# Retrofit cruise control to a Fiat Ducato 2 litre



## Ether (Jan 21, 2013)

Has anyone experience of fitting cruise control to a Fiat Ducato?

I have an AutoTrail Tracker with a 2 litre disel engine. I feel that it would be advantageous for continental driving on toll roads in France and Spain.


----------



## alisonwo (Jan 22, 2013)

We just had one fitted on our Fiat Ducato 2.8 campervan, my husband is raving about it, cost £342 to purchase and fit.  We did look at instructions on fitting on the net, look around and you will find them, but we decided to let the experts do it.  The guy we used at Ironbridge really knows what he is doing, took him an hour and a half, OH barely had time to finish the paper and his drink and he was driving off again.  The fuel consumption is amazing he says, used far less going up than he did coming home.  Highly recommended, shouldn't mess about doing it yourself unless you really know what you are doing.  Alison


----------



## Brochloon (Jan 22, 2013)

This guy is really good - very tidy job & comes to your door to carry out the work.  Brian Hill sales@carfi.co.uk


----------



## Trunkles (Jan 22, 2013)

Have to correct my OH :bow:.......it took far less  fuel coming home than going to Telford

davenewell.co.uk is the chap in Telford. A friend and I were going to a Morris jig dance workshop in Nottinghamshire and I decide to kill two birds with one stone by going to Telford for the Cruise control.   Arived there last Friday morning in all the snow and Mr. Newell was there waiting for us at 9:00 in the snow! As Alison says it took him 90 minutes and his wife plied us with tea while we played cribbage in the waiting room. Dave took the van out and calibrated the control for 30mph but thought it a bit risky to set it for the 60mph button!! I have to do that myself when conditions are suitable.

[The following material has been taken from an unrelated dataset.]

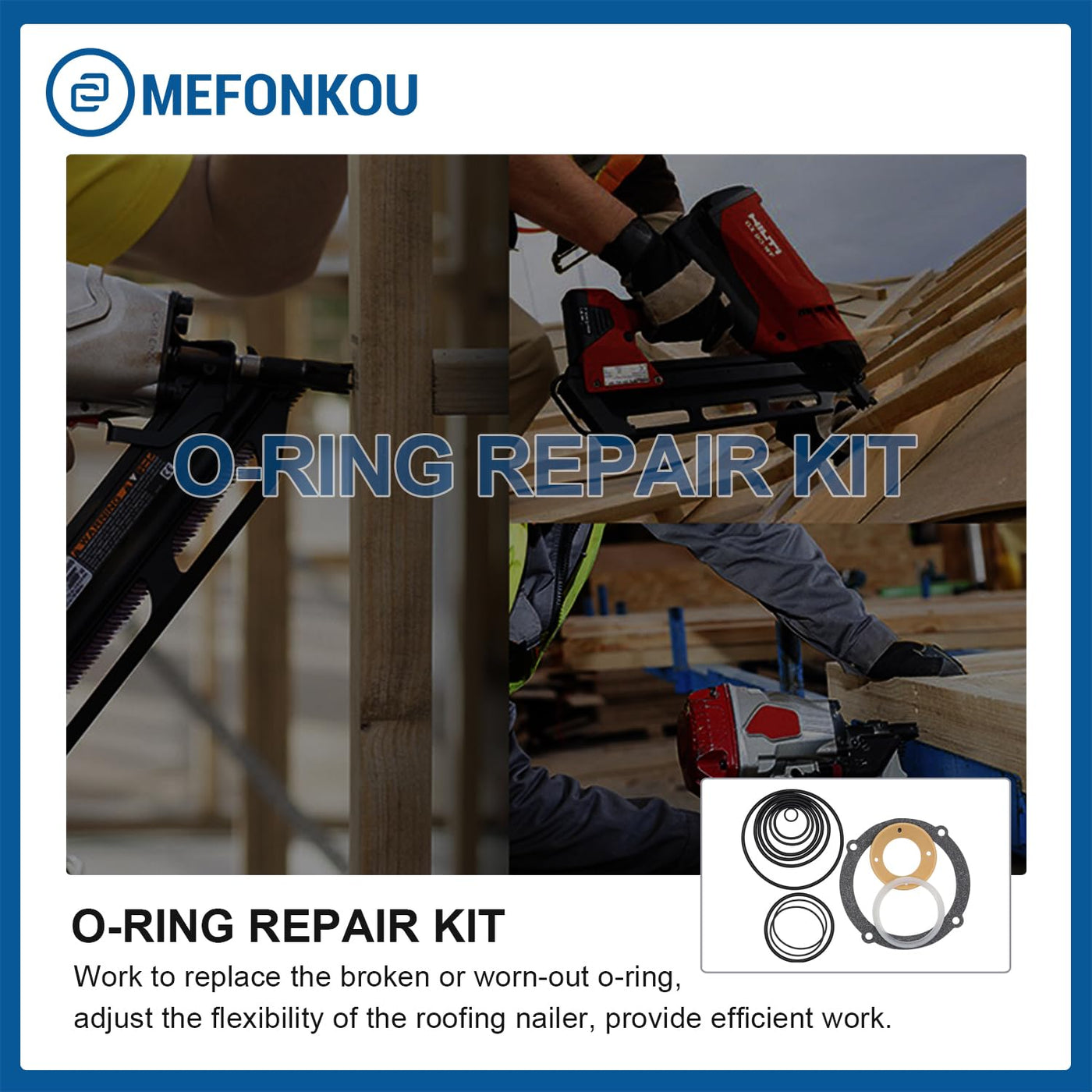 Q: What material are the O-Rings made of?A: The O-Rings in the MEFONKOU kit are made of high-quality rubber, ensuring durability and effective sealing for your framing nailer.

The unit we bought for our Ducato allows for two preset speeds (most people set these for urban and National speed limits) and one can also switch it to pick up any other speed  thinks comfortable for the road (provided it is over 20mph). It alows you to accelarate to overtake and then returns to the set speed, and if you disengage it by braking a flick of the stalk returns it to the last set speed.
Pick up is so smooth (if a little unnerving when you feel the throttle pedal taken from underfoot the first time). And if you don't like the cruise speed you have set you can increase or decrease it in 1/2mph increments by blipping the control stalk in the right direction (useful to adjust speed to traffic with which you have caught up), or you can use the stalk as a gentle accelerator/declerator  to set a new cruise speed which it locks on to; quite a sophisticated system compared with what used to be on offer.

Coming back down the motorway in the snow conditions was brilliant with the control. I could set it to a sensible slowish speed for the conditions and it took away that fear of a sudden wheel spin if you pressed the pedal a bit too hard; the secret of controlled driving in snow is not to get the revs too high and the cruise control seems to take care of this. Mind you the gritting teams had done a pretty good job on the M6 and M5 so there was plenty of grip on the road.

I haven't done a proper calculation of MPG yet but I was able to compare the way the needle on the fuel gauge fell over the  distance to and from Telford (the dance workshope was cancelled so came straight home) and I am sure I used a lot less fuel on the return journey.

So, yes, on first impression I can recommend fitting a cruise control to a Ducato (Dave Newell says it a doddle to fit on the Ducato) and I can certainly recommend Mr Newell for the job and price.


----------



## shortcircuit (Jan 22, 2013)

I purchased kit from Aftermarket Cruise Control Kits | Conrad Anderson UK and fitted myself to 2.8JTD with no problems.  Technical assistance over the phone was excellent as these engineers have fitted 100s so no all the mistakes you make.  It does make driving more laid back although I have not noted any benefits in fuel consumption.  I would certainly recommend.


----------



## Wooie1958 (Jan 22, 2013)

This is the model i had fitted at a show, not by Conrad-Anderson but this shows all the features :-

GoldCruise Infra-red Command Module | Cruise Control

I wanted this one because the Module fits within the Steering Wheel rather than on the Steering Column ( long legged......LOL )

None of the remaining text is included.